TASK INPUT:
<<<<

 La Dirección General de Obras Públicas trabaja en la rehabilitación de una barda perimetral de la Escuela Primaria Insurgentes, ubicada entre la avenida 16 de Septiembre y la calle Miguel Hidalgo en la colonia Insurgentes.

>>>>
<<<<

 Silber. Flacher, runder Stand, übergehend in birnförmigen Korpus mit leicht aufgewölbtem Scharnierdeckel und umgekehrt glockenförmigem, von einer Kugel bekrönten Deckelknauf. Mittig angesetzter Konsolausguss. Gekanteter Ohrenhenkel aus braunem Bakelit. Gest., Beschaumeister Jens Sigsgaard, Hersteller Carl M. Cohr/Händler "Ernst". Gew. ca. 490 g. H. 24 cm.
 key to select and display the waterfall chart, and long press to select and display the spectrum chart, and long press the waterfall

>>>>
<<<<

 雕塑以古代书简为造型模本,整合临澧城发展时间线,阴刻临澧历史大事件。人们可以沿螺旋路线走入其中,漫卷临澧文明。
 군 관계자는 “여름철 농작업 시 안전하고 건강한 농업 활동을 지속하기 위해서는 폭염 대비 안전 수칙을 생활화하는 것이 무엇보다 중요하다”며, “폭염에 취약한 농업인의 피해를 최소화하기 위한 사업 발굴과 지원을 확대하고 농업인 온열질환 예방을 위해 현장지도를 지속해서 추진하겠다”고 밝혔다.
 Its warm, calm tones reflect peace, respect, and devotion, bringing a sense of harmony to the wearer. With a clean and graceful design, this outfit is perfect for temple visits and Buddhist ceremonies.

>>>>

WHAT TO WORK ON: Beginning with the line containing "雕塑以古代书简为造型模本,整" in the material above, copy every line exactly until you have copied the line containing "안전하고 건강한 농업".

REPLY TO THE TASK:
 雕塑以古代书简为造型模本,整合临澧城发展时间线,阴刻临澧历史大事件。人们可以沿螺旋路线走入其中,漫卷临澧文明。
 군 관계자는 “여름철 농작업 시 안전하고 건강한 농업 활동을 지속하기 위해서는 폭염 대비 안전 수칙을 생활화하는 것이 무엇보다 중요하다”며, “폭염에 취약한 농업인의 피해를 최소화하기 위한 사업 발굴과 지원을 확대하고 농업인 온열질환 예방을 위해 현장지도를 지속해서 추진하겠다”고 밝혔다.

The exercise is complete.